From the first entry to the last, copy everything exactly except the pictures.

##### Exercise data

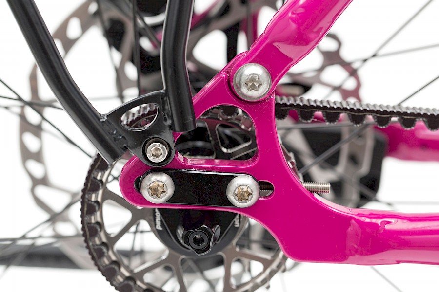 Nicht angetastet haben wir die Rahmengeometrie, die Dimensionierung der Rahmenrohre, die Aufnahme fürs Piniongetriebe und unsere speziellen Ausfallenden. Jedes dieser Details hat sich sowohl in der Erstmontage, der Wartung und natürlich im Alltag unserer Kunden bewährt.
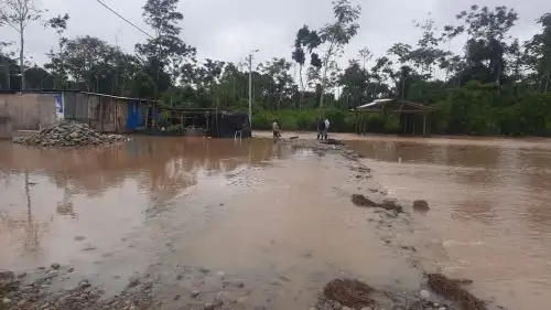 en el distrito Huallaga, se desbordó el río del mismo nombre, en los sectores Izango, Juan Vela y Pashaco. La
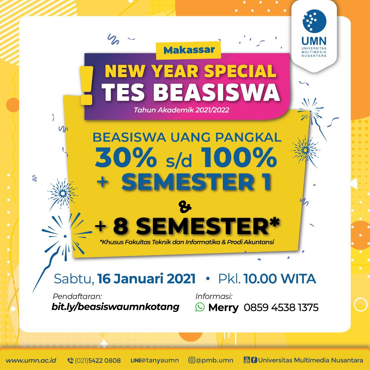Khusus buat kalian yang sekolah di daerah Makassar! UMN mau adain Tes Beasiswa Makassar nih! Kamu bisa dapat beasiswa minimal dapat 30% dari Uang Pangkal lho! 💫
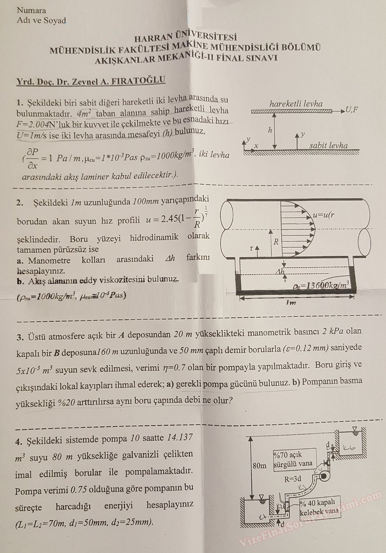 Harran Üniversitesi Akışkanlar Mekaniği -2 final soruları
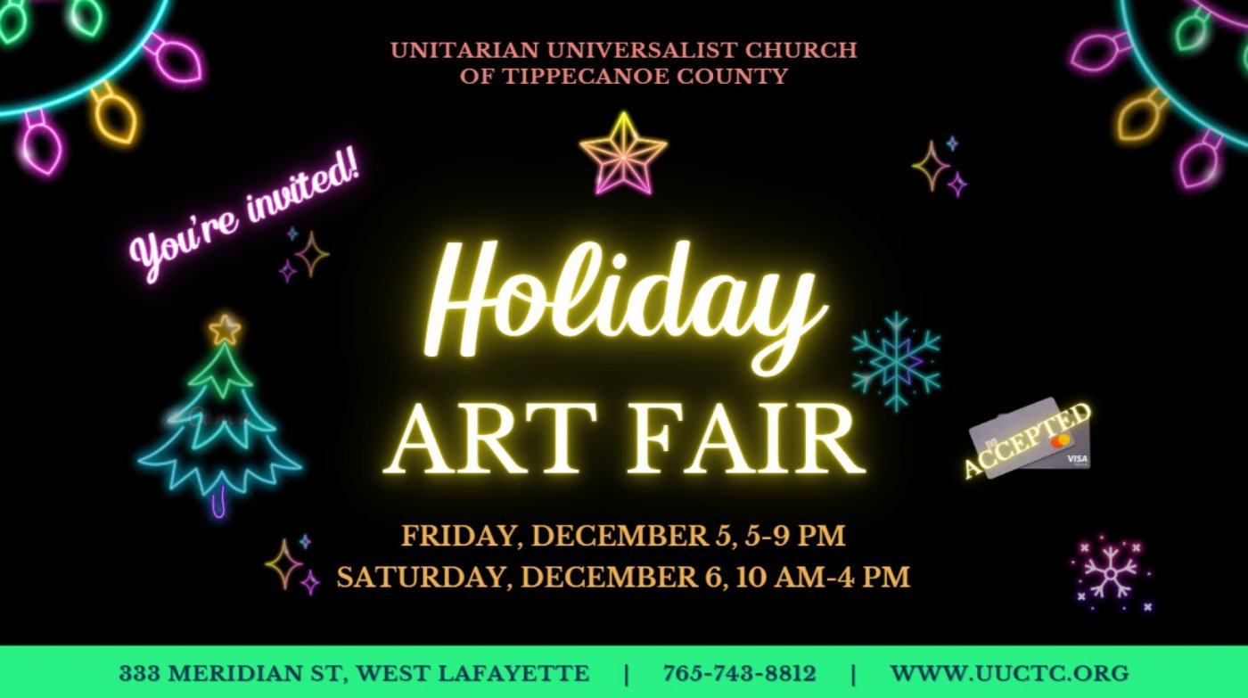 Hope to see you at UUCTC (333 Meridian Street, West Lafayette) on Friday, December 5 from 5-9pm and Saturday, December 6 from 10 am - 4 pm!

##########

- [Output for this task]
 Nicht angetastet haben wir die Rahmengeometrie, die Dimensionierung der Rahmenrohre, die Aufnahme fürs Piniongetriebe und unsere speziellen Ausfallenden. Jedes dieser Details hat sich sowohl in der Erstmontage, der Wartung und natürlich im Alltag unserer Kunden bewährt.
 en el distrito Huallaga, se desbordó el río del mismo nombre, en los sectores Izango, Juan Vela y Pashaco. La
Khusus buat kalian yang sekolah di daerah Makassar! UMN mau adain Tes Beasiswa Makassar nih! Kamu bisa dapat beasiswa minimal dapat 30% dari Uang Pangkal lho! 💫
 Harran Üniversitesi Akışkanlar Mekaniği -2 final soruları
 Hope to see you at UUCTC (333 Meridian Street, West Lafayette) on Friday, December 5 from 5-9pm and Saturday, December 6 from 10 am - 4 pm!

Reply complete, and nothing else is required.